WHAT THE EXERCISE ASKS:
Return, word for word, every line starting at the line with "Cousin Crew Christmas" and ending at the final line of the entries; skip the pictures.

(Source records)
################
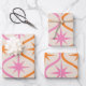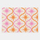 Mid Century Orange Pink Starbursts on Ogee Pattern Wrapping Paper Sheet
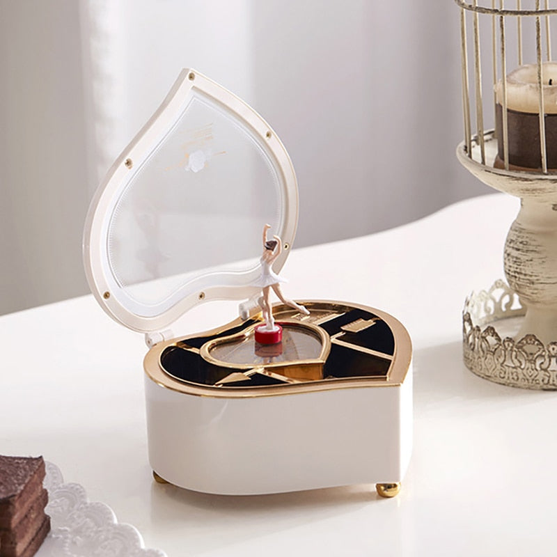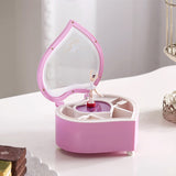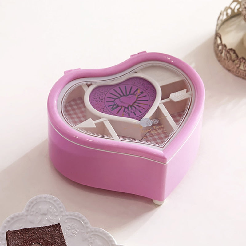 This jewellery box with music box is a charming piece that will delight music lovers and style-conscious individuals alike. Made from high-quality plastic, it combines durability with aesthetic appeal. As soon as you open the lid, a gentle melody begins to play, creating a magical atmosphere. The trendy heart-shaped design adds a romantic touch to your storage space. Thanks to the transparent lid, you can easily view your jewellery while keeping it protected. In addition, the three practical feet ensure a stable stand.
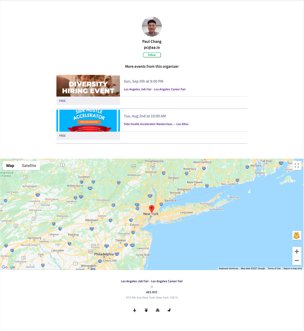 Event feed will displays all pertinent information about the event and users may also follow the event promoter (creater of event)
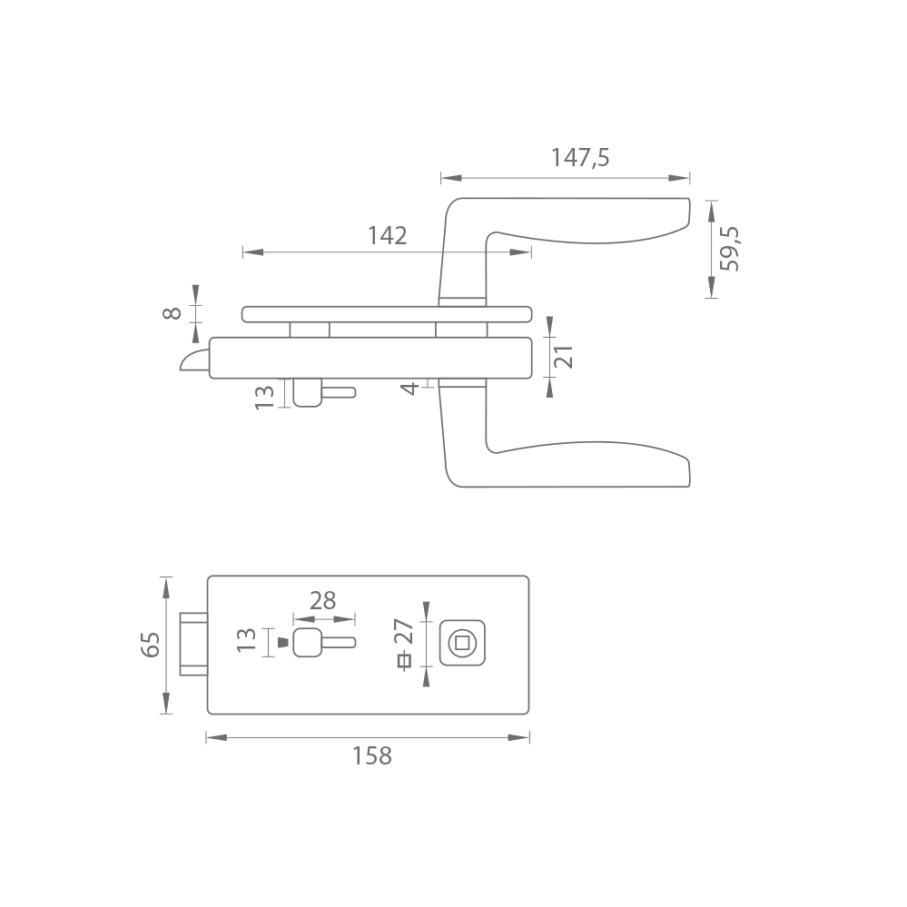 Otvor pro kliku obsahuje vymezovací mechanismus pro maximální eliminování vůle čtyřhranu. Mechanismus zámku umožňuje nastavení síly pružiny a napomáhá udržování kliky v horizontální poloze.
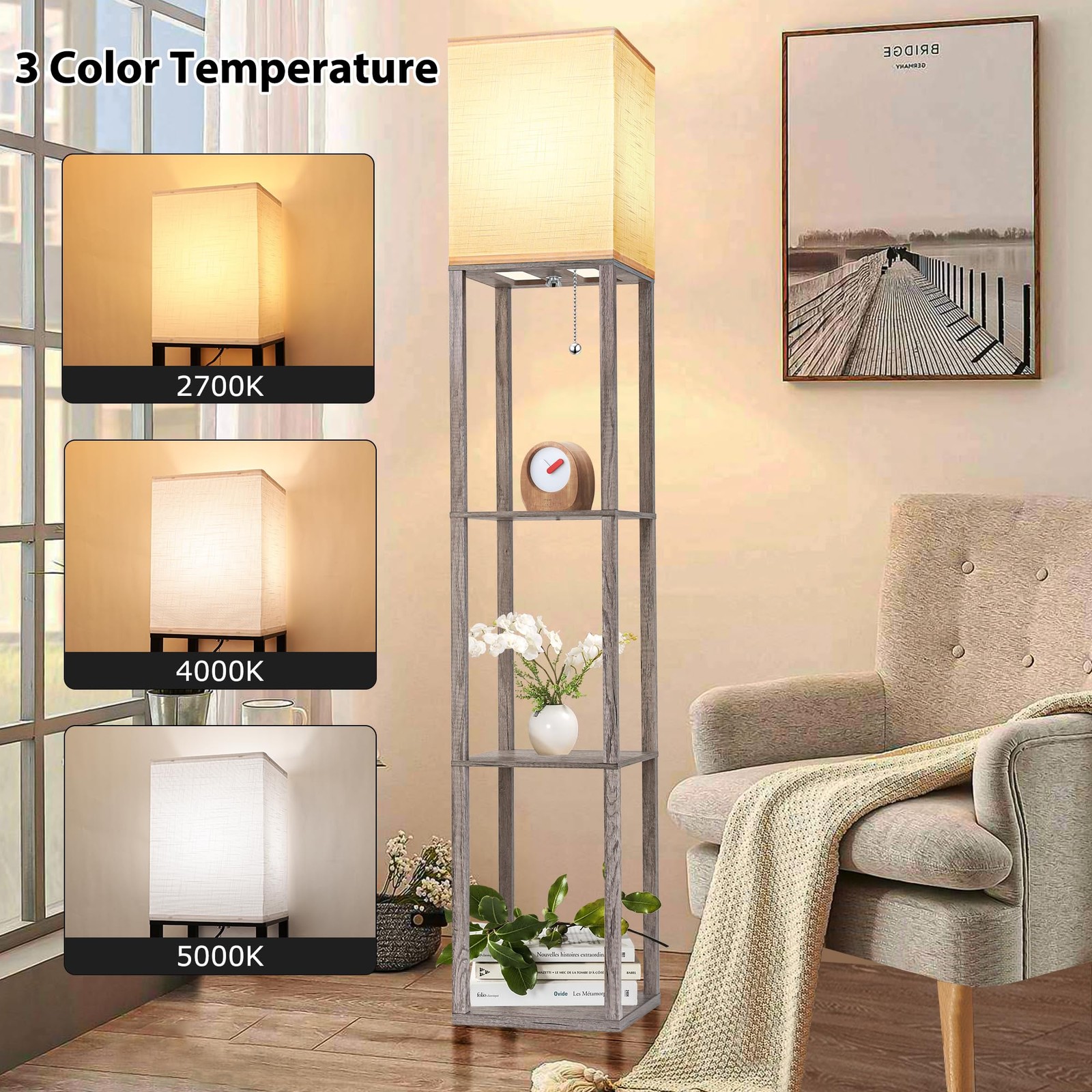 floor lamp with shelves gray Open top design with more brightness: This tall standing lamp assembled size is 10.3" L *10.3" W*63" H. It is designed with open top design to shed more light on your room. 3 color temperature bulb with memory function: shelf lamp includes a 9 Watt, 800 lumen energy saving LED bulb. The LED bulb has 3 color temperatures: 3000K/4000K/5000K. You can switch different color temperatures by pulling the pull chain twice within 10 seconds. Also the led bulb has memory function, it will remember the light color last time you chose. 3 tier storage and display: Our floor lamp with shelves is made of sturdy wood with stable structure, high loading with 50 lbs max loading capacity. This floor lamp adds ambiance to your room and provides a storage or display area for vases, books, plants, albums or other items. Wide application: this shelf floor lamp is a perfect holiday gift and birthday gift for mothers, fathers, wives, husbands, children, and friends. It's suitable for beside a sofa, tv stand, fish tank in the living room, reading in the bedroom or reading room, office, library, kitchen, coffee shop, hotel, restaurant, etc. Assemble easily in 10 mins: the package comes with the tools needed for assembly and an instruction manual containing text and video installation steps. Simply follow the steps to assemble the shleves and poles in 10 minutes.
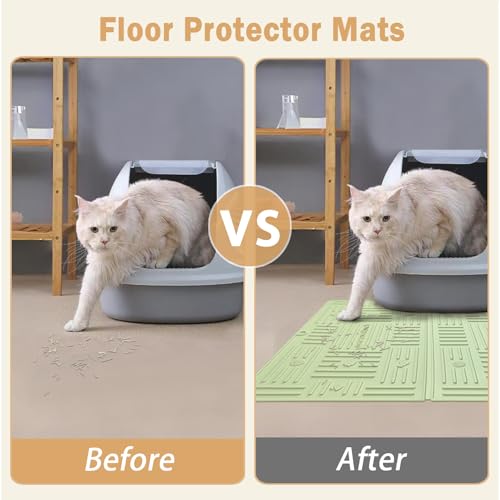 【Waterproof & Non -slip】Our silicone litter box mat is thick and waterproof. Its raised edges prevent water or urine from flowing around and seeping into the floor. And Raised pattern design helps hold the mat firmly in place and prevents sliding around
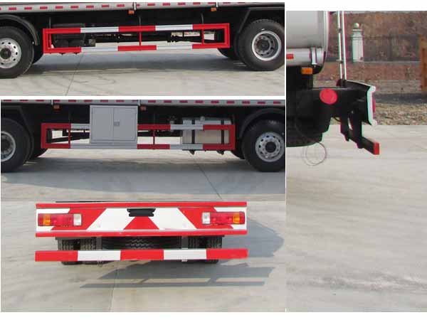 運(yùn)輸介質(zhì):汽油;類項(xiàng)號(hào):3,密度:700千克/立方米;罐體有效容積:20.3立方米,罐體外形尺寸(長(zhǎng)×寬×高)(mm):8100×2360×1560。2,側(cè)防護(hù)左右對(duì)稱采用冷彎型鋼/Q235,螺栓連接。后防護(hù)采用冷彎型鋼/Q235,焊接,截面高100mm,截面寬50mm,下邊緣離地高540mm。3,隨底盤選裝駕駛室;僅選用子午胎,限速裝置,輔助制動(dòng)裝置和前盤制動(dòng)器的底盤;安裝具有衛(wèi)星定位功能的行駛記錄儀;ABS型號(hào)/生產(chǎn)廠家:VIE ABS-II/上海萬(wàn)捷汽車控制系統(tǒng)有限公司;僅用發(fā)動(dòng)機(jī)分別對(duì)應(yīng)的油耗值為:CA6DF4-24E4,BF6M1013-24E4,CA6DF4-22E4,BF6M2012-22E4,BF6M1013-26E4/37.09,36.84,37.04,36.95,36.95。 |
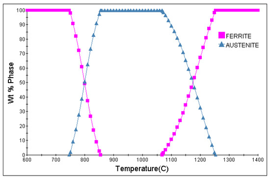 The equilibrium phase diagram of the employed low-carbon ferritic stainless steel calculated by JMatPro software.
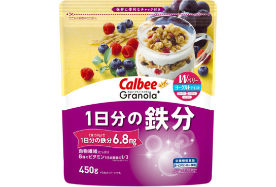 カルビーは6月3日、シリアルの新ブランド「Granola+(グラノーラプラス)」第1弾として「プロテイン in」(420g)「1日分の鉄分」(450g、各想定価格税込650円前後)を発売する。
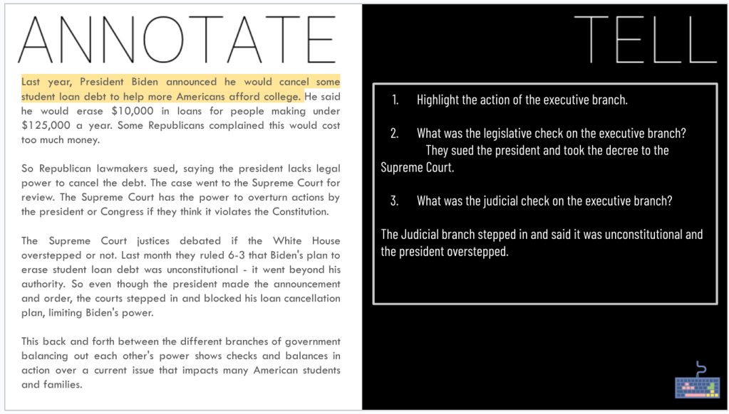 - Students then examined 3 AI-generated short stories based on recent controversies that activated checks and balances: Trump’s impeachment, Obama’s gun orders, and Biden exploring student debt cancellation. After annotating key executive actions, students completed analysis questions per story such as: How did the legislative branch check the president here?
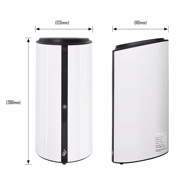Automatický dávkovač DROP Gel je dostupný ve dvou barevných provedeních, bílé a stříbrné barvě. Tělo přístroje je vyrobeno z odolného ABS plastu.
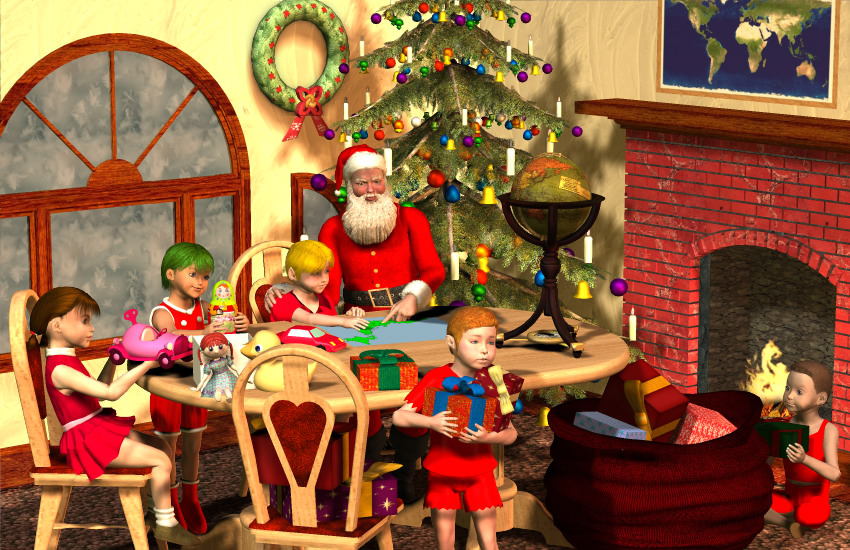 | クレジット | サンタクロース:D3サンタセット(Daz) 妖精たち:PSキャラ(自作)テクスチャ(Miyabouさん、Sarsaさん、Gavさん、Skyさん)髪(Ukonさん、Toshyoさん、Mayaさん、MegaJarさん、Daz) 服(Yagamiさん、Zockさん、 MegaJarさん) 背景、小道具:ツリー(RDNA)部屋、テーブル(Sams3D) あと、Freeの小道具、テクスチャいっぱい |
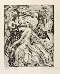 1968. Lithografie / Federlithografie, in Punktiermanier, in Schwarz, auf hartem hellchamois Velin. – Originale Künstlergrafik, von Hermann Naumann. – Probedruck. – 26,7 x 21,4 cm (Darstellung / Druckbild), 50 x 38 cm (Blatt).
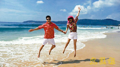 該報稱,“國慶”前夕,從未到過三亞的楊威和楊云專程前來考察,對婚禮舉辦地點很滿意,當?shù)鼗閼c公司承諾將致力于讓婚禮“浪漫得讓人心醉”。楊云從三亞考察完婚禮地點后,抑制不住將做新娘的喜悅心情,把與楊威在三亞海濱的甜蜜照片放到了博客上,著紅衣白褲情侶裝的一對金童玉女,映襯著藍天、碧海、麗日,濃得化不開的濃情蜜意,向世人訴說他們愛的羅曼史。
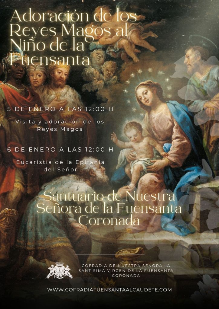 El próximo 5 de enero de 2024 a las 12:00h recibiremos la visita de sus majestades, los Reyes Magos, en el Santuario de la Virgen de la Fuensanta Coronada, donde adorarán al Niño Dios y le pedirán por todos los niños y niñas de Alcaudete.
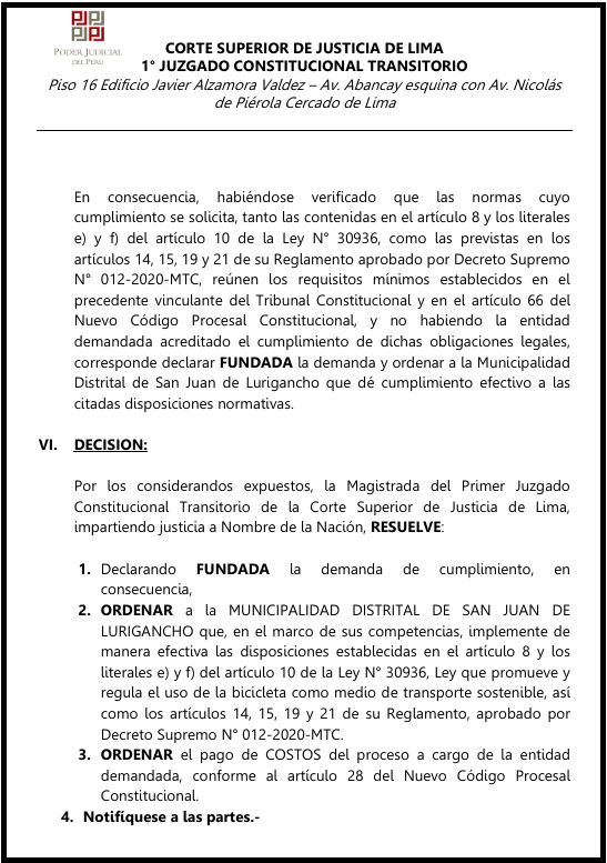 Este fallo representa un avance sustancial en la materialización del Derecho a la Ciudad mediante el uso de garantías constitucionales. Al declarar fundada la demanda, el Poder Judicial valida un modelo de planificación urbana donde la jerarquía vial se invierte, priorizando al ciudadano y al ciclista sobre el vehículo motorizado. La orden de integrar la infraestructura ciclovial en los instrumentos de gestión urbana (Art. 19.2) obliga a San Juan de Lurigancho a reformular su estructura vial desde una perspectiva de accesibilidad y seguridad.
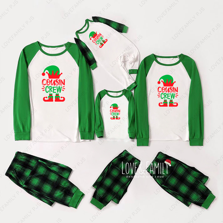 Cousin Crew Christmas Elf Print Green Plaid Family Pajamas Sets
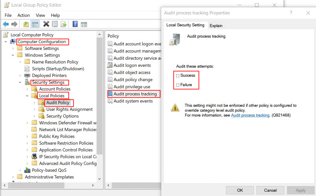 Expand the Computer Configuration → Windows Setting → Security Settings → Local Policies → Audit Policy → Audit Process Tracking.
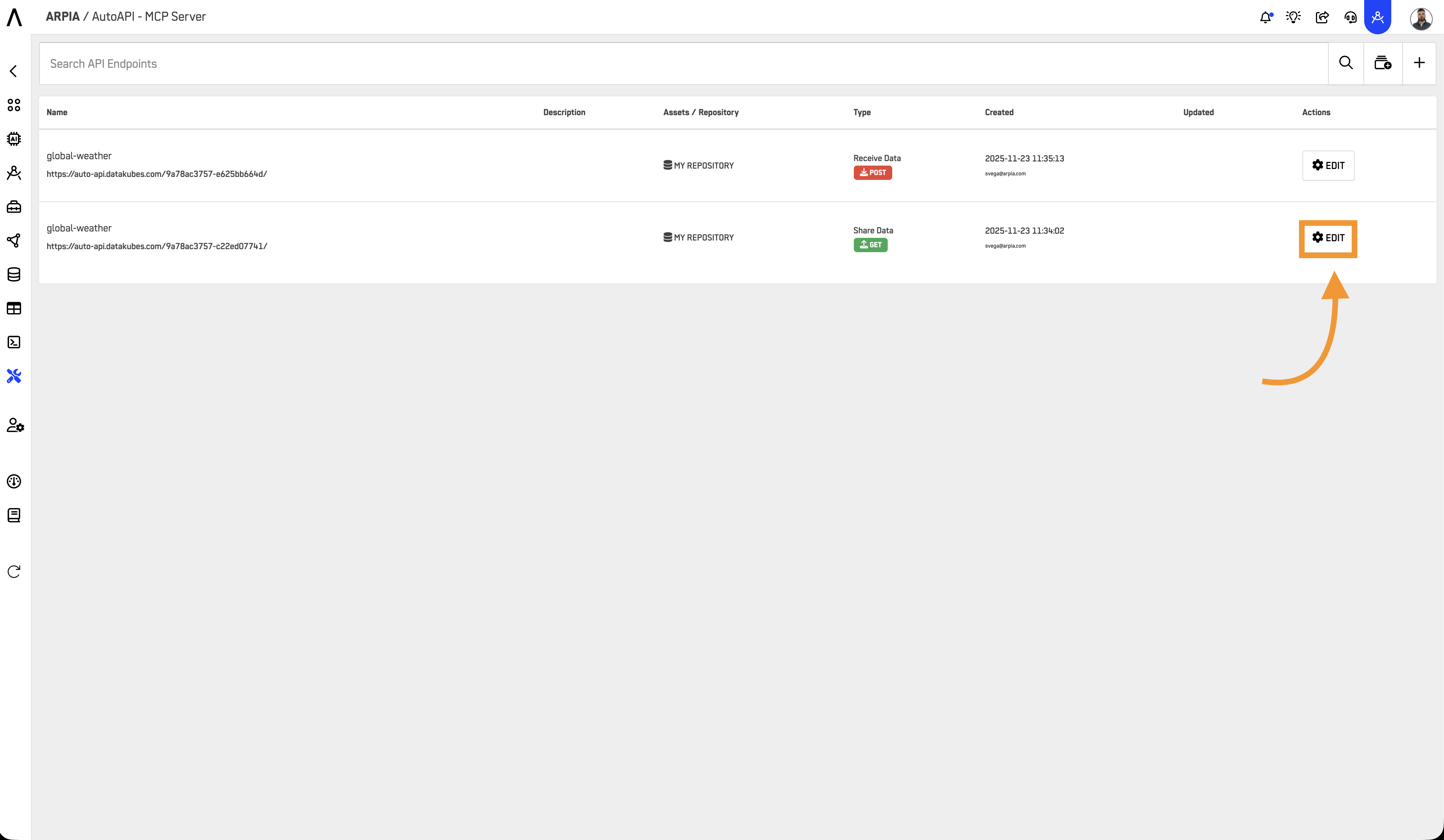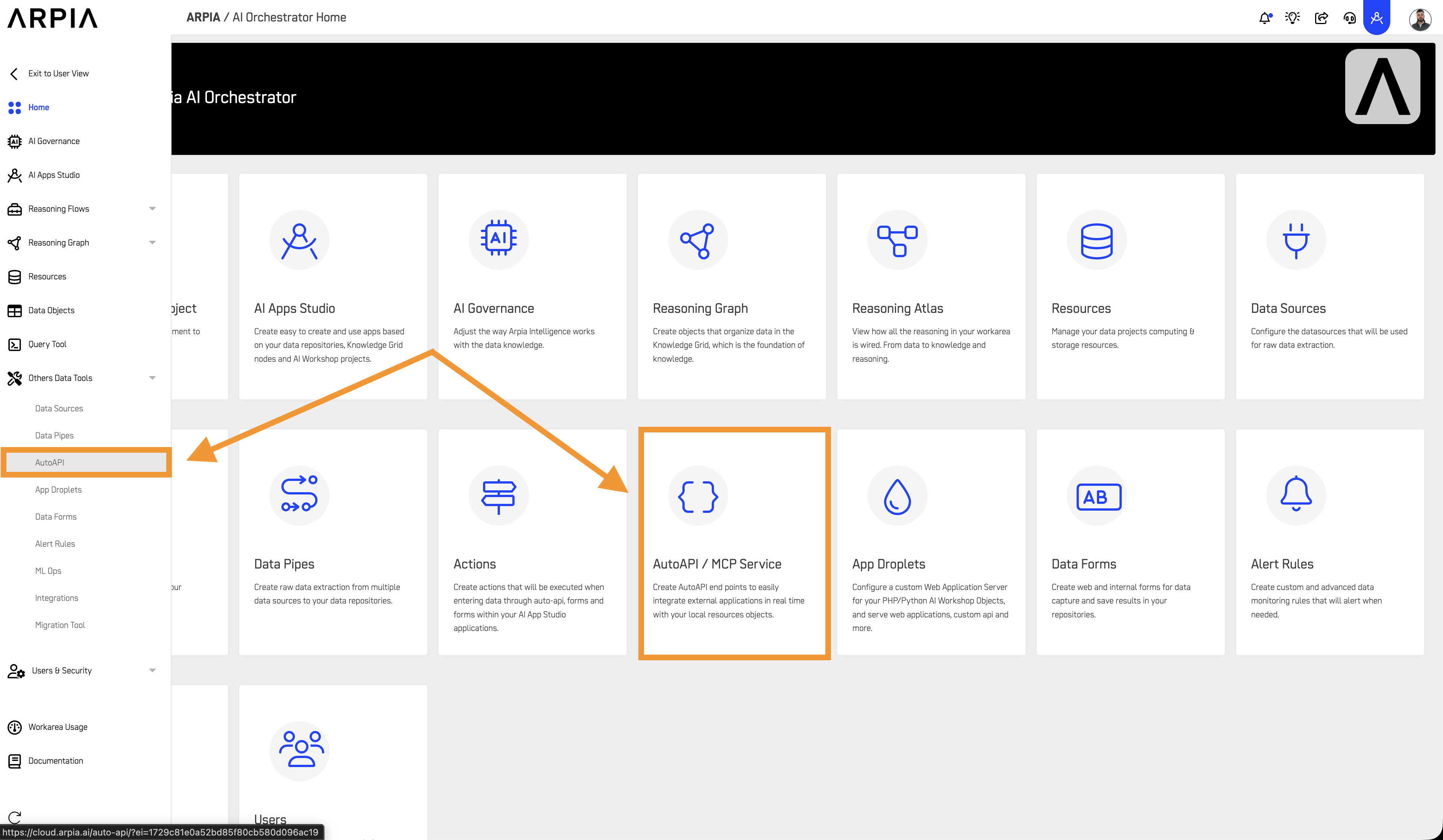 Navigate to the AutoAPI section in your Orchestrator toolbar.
################
OUTPUT OF THE EXERCISE:
 Cousin Crew Christmas Elf Print Green Plaid Family Pajamas Sets
 Expand the Computer Configuration → Windows Setting → Security Settings → Local Policies → Audit Policy → Audit Process Tracking.
 Navigate to the AutoAPI section in your Orchestrator toolbar.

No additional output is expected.